▶ What to work on:
Every line from the first in the listing below to the line containing "单粒果实质量(均值) | 果实糖含量(均值) |" is to be repeated exactly, and no line past it.

★ ★ ★ ★

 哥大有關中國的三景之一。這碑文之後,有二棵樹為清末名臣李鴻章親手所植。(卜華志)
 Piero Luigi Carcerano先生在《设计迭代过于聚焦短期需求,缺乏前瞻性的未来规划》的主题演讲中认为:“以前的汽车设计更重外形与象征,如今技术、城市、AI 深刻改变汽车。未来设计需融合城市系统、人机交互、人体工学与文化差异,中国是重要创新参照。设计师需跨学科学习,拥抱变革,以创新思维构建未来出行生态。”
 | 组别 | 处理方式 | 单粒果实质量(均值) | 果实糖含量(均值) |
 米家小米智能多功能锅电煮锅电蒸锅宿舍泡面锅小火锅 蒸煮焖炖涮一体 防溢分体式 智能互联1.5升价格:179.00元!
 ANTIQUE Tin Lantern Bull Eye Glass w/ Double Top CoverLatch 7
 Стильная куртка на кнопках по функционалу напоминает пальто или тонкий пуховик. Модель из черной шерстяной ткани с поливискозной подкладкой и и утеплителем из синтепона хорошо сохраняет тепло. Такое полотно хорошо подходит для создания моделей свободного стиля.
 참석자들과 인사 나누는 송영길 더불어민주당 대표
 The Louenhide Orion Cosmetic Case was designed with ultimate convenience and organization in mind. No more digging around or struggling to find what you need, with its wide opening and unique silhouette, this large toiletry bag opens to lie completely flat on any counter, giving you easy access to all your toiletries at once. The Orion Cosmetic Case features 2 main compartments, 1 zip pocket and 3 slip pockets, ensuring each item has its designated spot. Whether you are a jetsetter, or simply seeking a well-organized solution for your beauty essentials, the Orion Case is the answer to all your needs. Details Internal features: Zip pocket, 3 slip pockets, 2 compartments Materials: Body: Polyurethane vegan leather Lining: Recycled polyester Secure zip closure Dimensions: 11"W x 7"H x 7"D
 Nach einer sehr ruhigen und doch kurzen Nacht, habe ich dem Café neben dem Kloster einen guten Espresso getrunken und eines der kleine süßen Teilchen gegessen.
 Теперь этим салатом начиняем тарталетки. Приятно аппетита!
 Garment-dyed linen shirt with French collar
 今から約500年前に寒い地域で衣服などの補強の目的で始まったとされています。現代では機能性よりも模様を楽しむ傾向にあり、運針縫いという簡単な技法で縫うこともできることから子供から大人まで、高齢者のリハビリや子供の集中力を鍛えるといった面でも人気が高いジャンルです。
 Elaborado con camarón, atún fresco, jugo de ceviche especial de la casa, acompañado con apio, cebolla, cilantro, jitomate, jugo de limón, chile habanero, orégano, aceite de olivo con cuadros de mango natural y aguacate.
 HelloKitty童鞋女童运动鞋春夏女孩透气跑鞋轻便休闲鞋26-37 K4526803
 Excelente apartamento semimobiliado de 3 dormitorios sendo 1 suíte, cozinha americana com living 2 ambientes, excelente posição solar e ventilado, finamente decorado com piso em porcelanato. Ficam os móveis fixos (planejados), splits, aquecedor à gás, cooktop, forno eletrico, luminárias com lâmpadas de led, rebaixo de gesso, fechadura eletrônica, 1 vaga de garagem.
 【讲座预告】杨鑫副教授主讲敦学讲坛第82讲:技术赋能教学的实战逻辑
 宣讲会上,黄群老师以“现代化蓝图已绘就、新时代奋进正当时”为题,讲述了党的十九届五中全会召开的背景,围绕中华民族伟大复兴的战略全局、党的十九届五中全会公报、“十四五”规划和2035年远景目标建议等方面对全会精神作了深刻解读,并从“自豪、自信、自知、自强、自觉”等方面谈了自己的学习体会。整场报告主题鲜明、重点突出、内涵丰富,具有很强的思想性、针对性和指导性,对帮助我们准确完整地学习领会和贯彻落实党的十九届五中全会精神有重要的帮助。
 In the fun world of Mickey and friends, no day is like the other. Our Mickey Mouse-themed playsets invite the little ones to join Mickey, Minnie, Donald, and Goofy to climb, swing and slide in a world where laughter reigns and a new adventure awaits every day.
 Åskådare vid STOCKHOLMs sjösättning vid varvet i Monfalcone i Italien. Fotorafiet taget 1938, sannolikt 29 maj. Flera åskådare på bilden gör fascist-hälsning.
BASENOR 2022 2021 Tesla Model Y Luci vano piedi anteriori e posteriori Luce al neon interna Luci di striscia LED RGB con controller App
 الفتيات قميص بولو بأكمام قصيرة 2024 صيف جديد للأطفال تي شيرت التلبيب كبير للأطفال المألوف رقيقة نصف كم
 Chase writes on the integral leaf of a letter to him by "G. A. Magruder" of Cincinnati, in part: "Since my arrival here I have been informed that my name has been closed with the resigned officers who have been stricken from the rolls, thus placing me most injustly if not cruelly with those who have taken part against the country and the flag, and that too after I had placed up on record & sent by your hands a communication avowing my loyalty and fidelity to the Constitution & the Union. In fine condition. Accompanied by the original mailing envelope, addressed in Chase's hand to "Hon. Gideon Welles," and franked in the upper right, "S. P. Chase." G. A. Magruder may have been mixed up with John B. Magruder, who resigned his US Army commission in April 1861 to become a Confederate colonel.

★ ★ ★ ★

▶ Answer:
 哥大有關中國的三景之一。這碑文之後,有二棵樹為清末名臣李鴻章親手所植。(卜華志)
 Piero Luigi Carcerano先生在《设计迭代过于聚焦短期需求,缺乏前瞻性的未来规划》的主题演讲中认为:“以前的汽车设计更重外形与象征,如今技术、城市、AI 深刻改变汽车。未来设计需融合城市系统、人机交互、人体工学与文化差异,中国是重要创新参照。设计师需跨学科学习,拥抱变革,以创新思维构建未来出行生态。”
 | 组别 | 处理方式 | 单粒果实质量(均值) | 果实糖含量(均值) |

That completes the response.